▶ **ABOUT THIS EXERCISE**
Would you transcribe the listing that follows, character for character, and omit its images?

▶ **DATA SECTION**

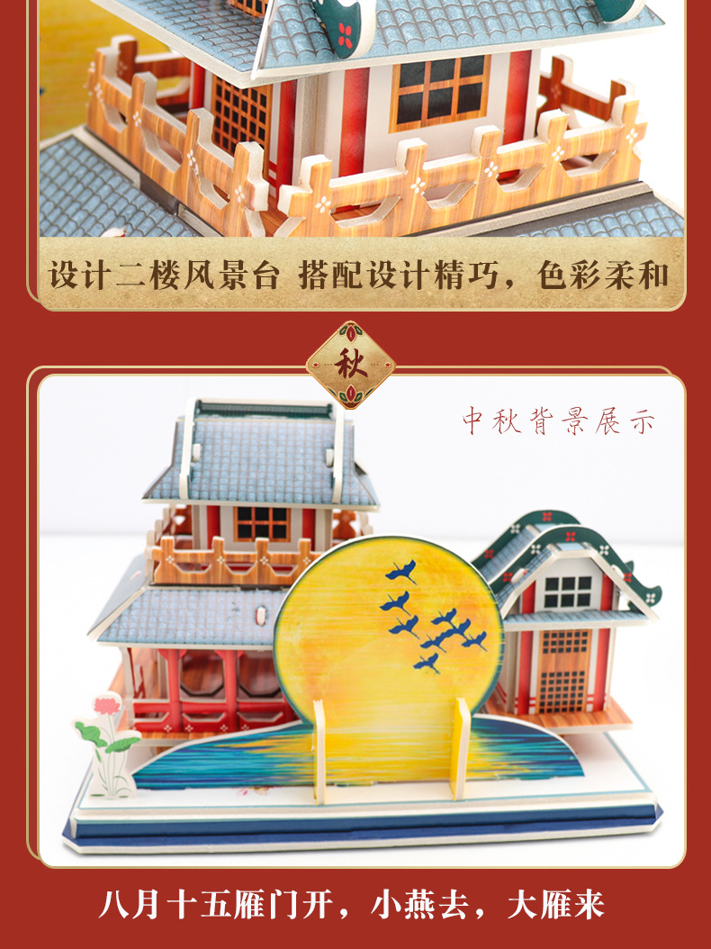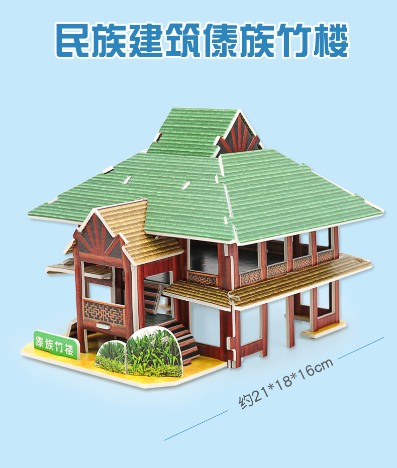 3D 수제 퍼즐 3 ~ 6 세 어린이 교육 조립 DIY 하우스 장난감 종이 빌딩 캐빈 모델
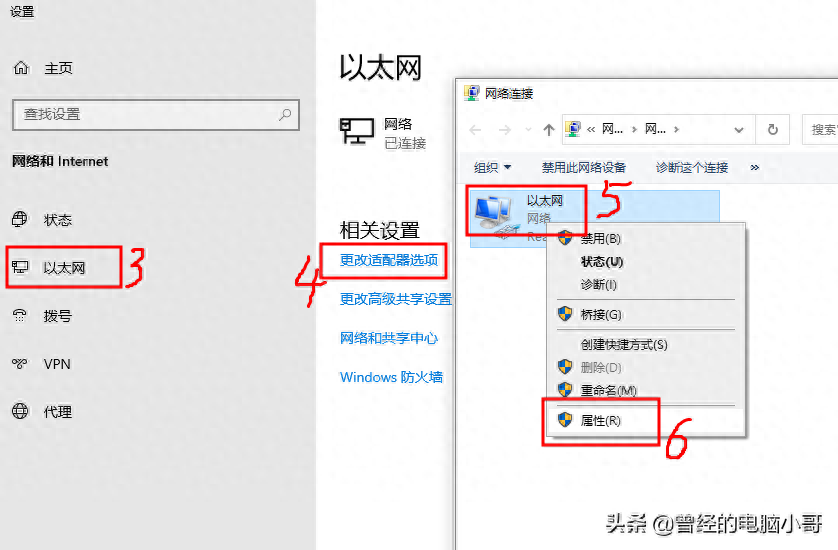 方法一:桌面上找到“网络”图标→右键鼠标点属性→更改适配器设置→以太网→右键鼠标点属性→
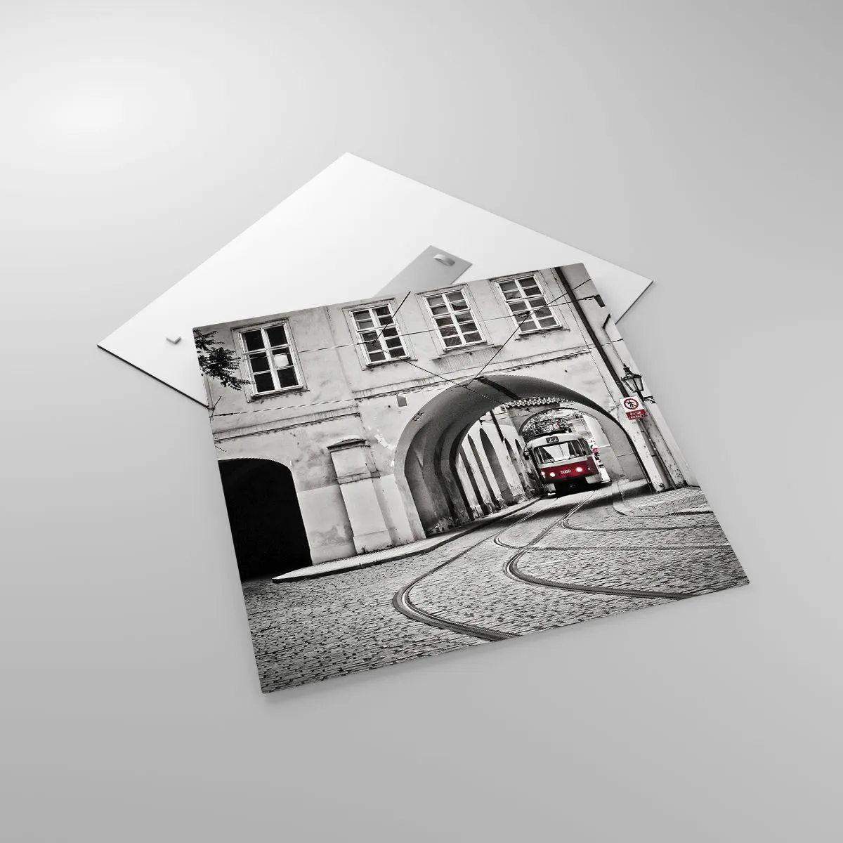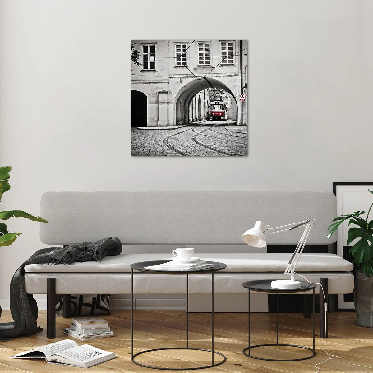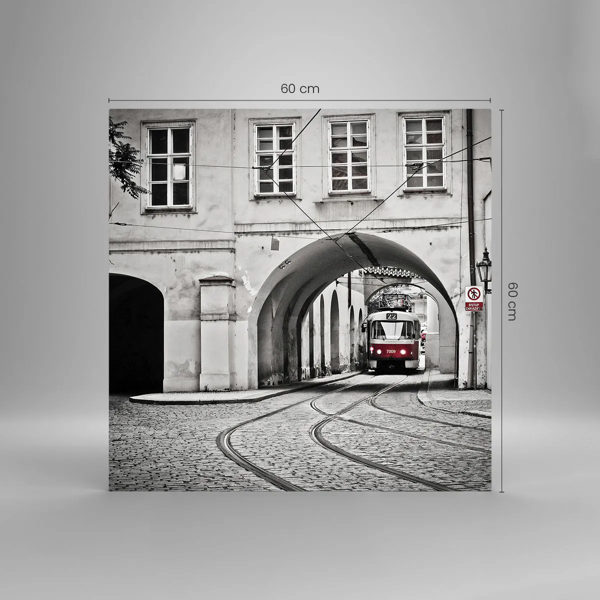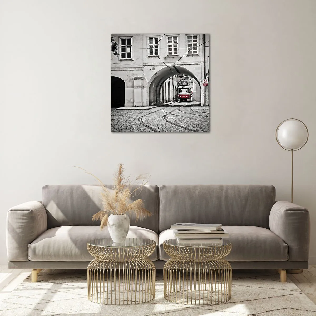 • Város, Villamos, Prága, Építészet, fekete-fehér, városok, autóipar, vintage és retro, Irodába, dolgozószobába, étkezőbe, előszobába, nappaliba, hálószobába, Szürke, fekete-fehér, Négyzetes
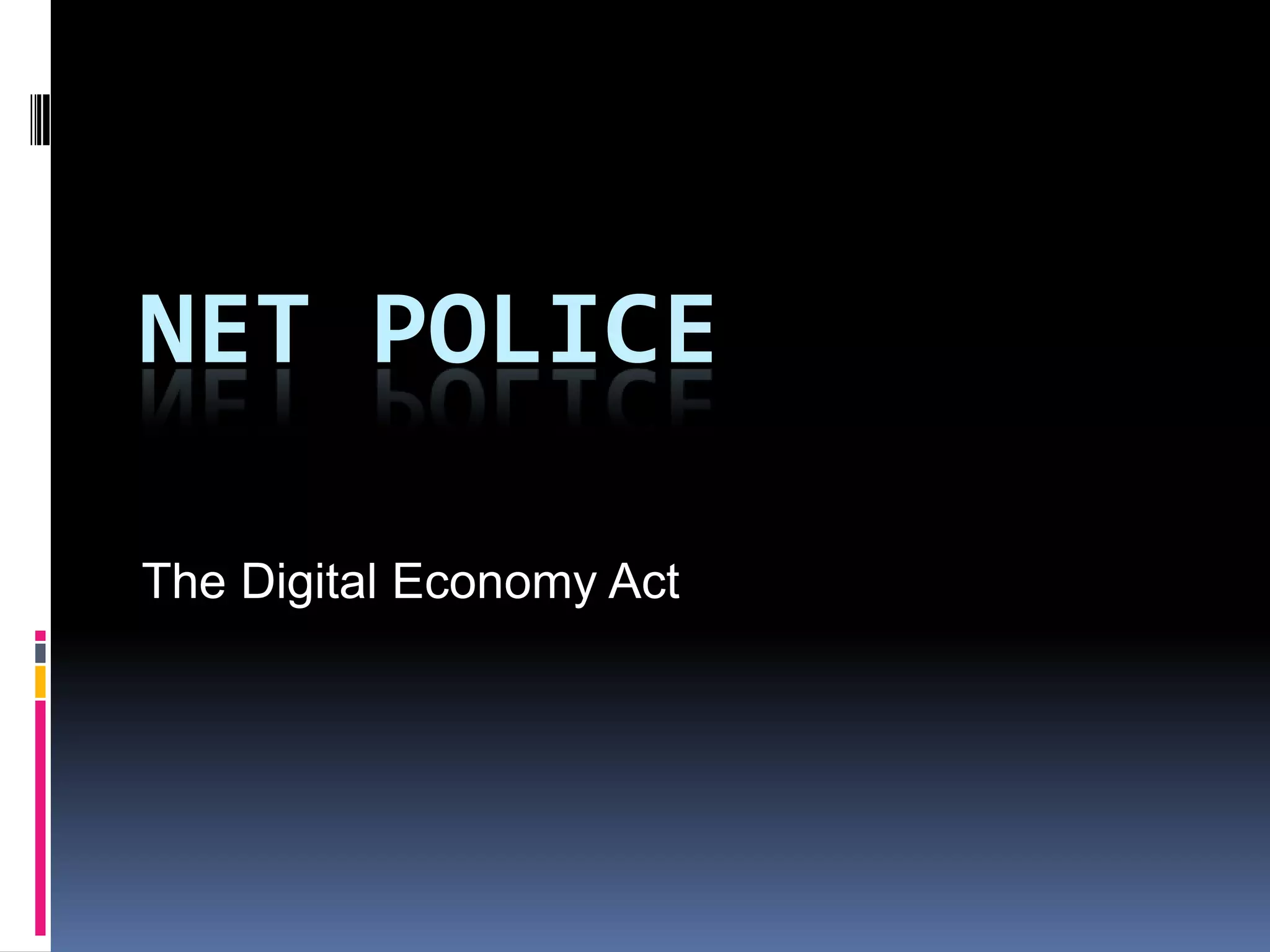 The Digital Economy Act allows for monitoring of internet activity to catch illegal file sharing. Those caught illegally downloading face consequences that start with a warning letter and can escalate to slowing down or temporarily suspending internet access. This is an attempt to stop losses in the music industry due to illegal downloading. However, others argue that file sharing can help artists by exposing more people to their music and that it may encourage future legal purchases or funding. The outcomes are uncertain, as illegal downloading may just shift rather than stop, and internet providers could lose business.

▶ **WRITTEN SOLUTION**
 3D 수제 퍼즐 3 ~ 6 세 어린이 교육 조립 DIY 하우스 장난감 종이 빌딩 캐빈 모델
 方法一:桌面上找到“网络”图标→右键鼠标点属性→更改适配器设置→以太网→右键鼠标点属性→
 • Város, Villamos, Prága, Építészet, fekete-fehér, városok, autóipar, vintage és retro, Irodába, dolgozószobába, étkezőbe, előszobába, nappaliba, hálószobába, Szürke, fekete-fehér, Négyzetes
 The Digital Economy Act allows for monitoring of internet activity to catch illegal file sharing. Those caught illegally downloading face consequences that start with a warning letter and can escalate to slowing down or temporarily suspending internet access. This is an attempt to stop losses in the music industry due to illegal downloading. However, others argue that file sharing can help artists by exposing more people to their music and that it may encourage future legal purchases or funding. The outcomes are uncertain, as illegal downloading may just shift rather than stop, and internet providers could lose business.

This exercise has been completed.